### THE DATA
========

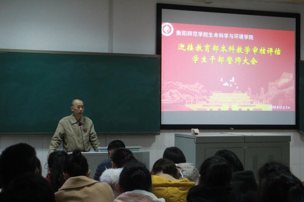 首先,由刘艳波书记为学生干部迎接评估工作布局作出总指示。他指出审核评估是与我们每个人息息相关,紧密相连的工作,在12月10日-13日我们将迎来正式的为期四天的审核评估,到了“争光争气争成绩”的紧要关头,做好这项工作是生环学子义不容辞的责任,人人应有参与评估的紧迫感与责任感。尤其是在座的学生干部——生环院学生的脊梁,理应起带头模范作用,起表率作用,传播积极向上的精神,带领同学们在评估专家面前,展现出衡师人积极的精神风貌。
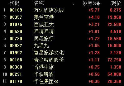 万达酒店发展涨近 6%,美兰空港、新濠国际发展涨超 4%,金沙中国有限公司涨近 4%,百威亚太涨超 3%,呷哺呷哺、同城旅行、九毛九涨近 2%,复星旅游文化、青岛啤酒股份涨超 1%。
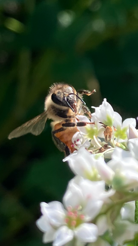 そして10月に入り、自転車に乗っていたとき「なんか臭いなー」と思ってあたりをみると、近所にソバの花の畑があることに気づきました。ソバの花は臭いけど、ミツバチにとって蜜源のひとつであることを知り、とても嬉しい気持ちになりました。「訪花しているミツバチはうちの子たちかなー。いとしいなぁ」と写真を撮りました。
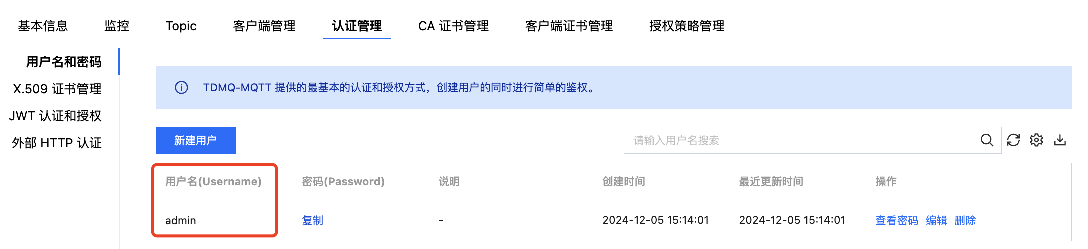 username | 连接用户名,在控制台集群详情页认证管理页面复制。 ![]() |
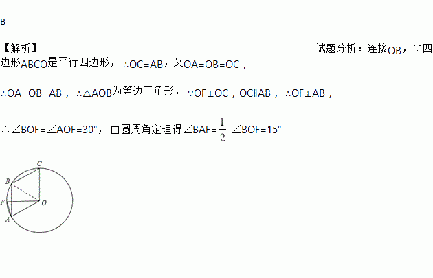 如图,点A、B、C是⊙O上的三点,且四边形ABCO是平行四边形,OF⊥OC交圆O于点F,则∠BAF等于( )

========

### WHAT THE TASK REQUIRES
Repeat the data above exactly, but not the pictures.

### REPLY TO THE EXERCISE
 首先,由刘艳波书记为学生干部迎接评估工作布局作出总指示。他指出审核评估是与我们每个人息息相关,紧密相连的工作,在12月10日-13日我们将迎来正式的为期四天的审核评估,到了“争光争气争成绩”的紧要关头,做好这项工作是生环学子义不容辞的责任,人人应有参与评估的紧迫感与责任感。尤其是在座的学生干部——生环院学生的脊梁,理应起带头模范作用,起表率作用,传播积极向上的精神,带领同学们在评估专家面前,展现出衡师人积极的精神风貌。
 万达酒店发展涨近 6%,美兰空港、新濠国际发展涨超 4%,金沙中国有限公司涨近 4%,百威亚太涨超 3%,呷哺呷哺、同城旅行、九毛九涨近 2%,复星旅游文化、青岛啤酒股份涨超 1%。
 そして10月に入り、自転車に乗っていたとき「なんか臭いなー」と思ってあたりをみると、近所にソバの花の畑があることに気づきました。ソバの花は臭いけど、ミツバチにとって蜜源のひとつであることを知り、とても嬉しい気持ちになりました。「訪花しているミツバチはうちの子たちかなー。いとしいなぁ」と写真を撮りました。
 username | 连接用户名,在控制台集群详情页认证管理页面复制。 ![]() |
 如图,点A、B、C是⊙O上的三点,且四边形ABCO是平行四边形,OF⊥OC交圆O于点F,则∠BAF等于( )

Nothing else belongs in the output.